My fellow bloggers, Oriol Gutierrez and David Capogna, touch upon a very real issue regarding the new public service announcements from the New York City Department of Health and Mental Hygiene (DOHMH) bent on scaring people into reducing their risk of becoming infected with HIV: The stigmatization of those living with the virus.
View the PSA here:
Public portrayals of HIV are a slippery slope and rarely done correctly. The reason for this is that there is no singular HIV experience. Just as there are undoubtedly people living with HIV who go rock climbing and run marathons after starting antiretroviral therapy, there are also people living with HIV who experience debilitating problems stemming from their medications, their HIV or comorbidities like cancer or hepatitis. There are also people who manage both--physically challenging feats and physically challenging frustrations--and, of course, a vast number of HIV-positive people who generally live the bulk of their lives somewhere between these two extremes.
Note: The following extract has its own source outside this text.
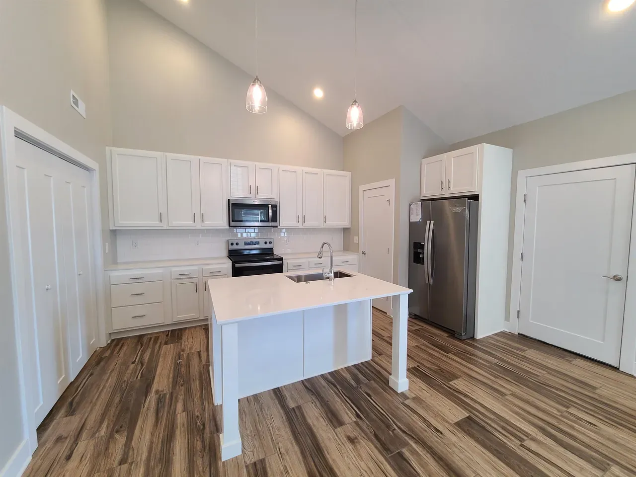 This beautifully designed new construction townhome offers a thoughtfully planned zero-entry floor plan with main-floor living, vaulted ceilings, and an open layout. The home features luxury tile plank flooring, an inviting kitchen with a breakfast bar and island, and stainless-steel appliances. A spacious loft area upstairs adds versatility, while storm shelters in every home provide safety and security.

What we’re left with are highly stylized snapshots intended to characterize the entirety of HIV-positive people’s lives and experiences. The goal? To either manipulate people at risk for HIV into thinking that everything will either be sunshine and daydreams once they get tested and into care, or that living with HIV is fraught with dangers and that it (and by extension, those living with HIV) should be avoided, literally, like the plague.
Well, from a public health perspective, you can’t have it both ways.
Over the past several years, many health departments, HIV organizations and information providers--AIDSmeds and POZ included--have worked independently and collectively to reach the one in five people living with HIV, but remain unaware of their status, with messages of hope without hyperbole. The take-home lesson: HIV is no picnic, but today’s medical advances--including longer and healthier survival--and large number of helpful social services are only possible for those who look beyond the stigma, get tested and enter care.
I fear that DOHMH’s PSA campaign will set this effort back by years. I’m sure I’m not alone in thinking that people who are possibly infected but unaware of their status will think twice about testing for the virus after seeing this PSA. I mean, why test for an infection and knowingly live with media-driven thoughts of horrible manifestations that lay ahead?
While the agency contends the PSAs are only intended for those at risk for HIV, not those living with HIV and unaware of their status, such messages have a funny way of being viewed by those beyond the intended “target” audience. Even if we had compelling evidence that scare tactics work in terms of preventing diseases--we don’t--we certainly don’t have a way of containing messages.
As my friend Luis Lopez-Detres recently said, “ Nothing says ’don’t get tested’ quite like this ad.”